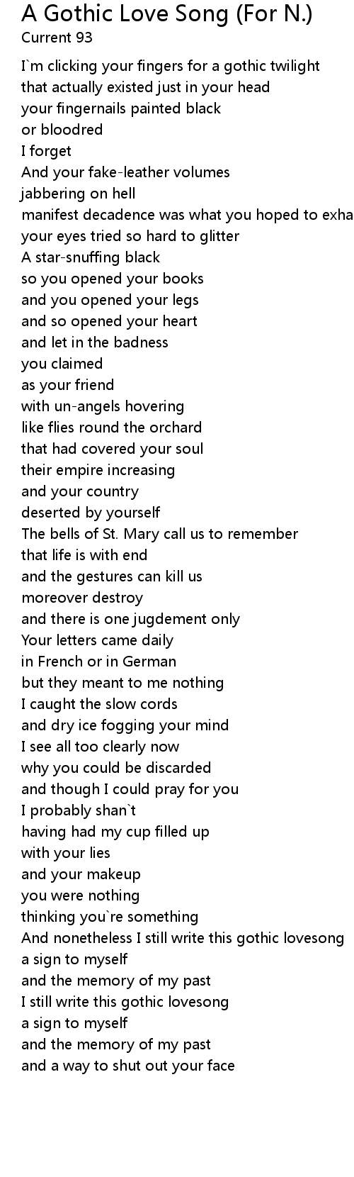 A Gothic Love Song (For N.) Lyrics
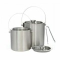 Jamboree Deluxe Ice Bucket Set, 2 liters, 7" dia. x 7-1/4"H, round, with handle, double wall, includes: 6-1/4" ice tongs, 18/10 stainless steel, brushed finish (retail box)
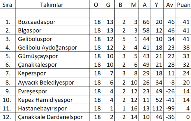Çanakkale Süper Amatör Lig 18.Hafta Puan Durumu:
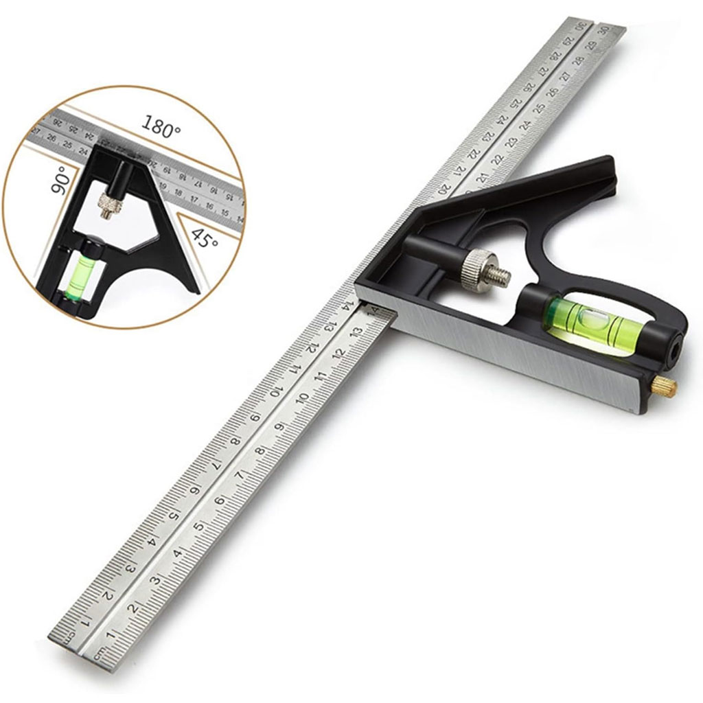 Outils de Menuiserie Carrée en Acier Inoxydable de 12’/300 mm, Règle de 45/90 Degrés avec Niveau à Bulle.

______

## Instructions for the task:
Skip the images and write out the rest of the listing exactly.

## Your response:
 A Gothic Love Song (For N.) Lyrics
 Jamboree Deluxe Ice Bucket Set, 2 liters, 7" dia. x 7-1/4"H, round, with handle, double wall, includes: 6-1/4" ice tongs, 18/10 stainless steel, brushed finish (retail box)
Çanakkale Süper Amatör Lig 18.Hafta Puan Durumu:
 Outils de Menuiserie Carrée en Acier Inoxydable de 12’/300 mm, Règle de 45/90 Degrés avec Niveau à Bulle.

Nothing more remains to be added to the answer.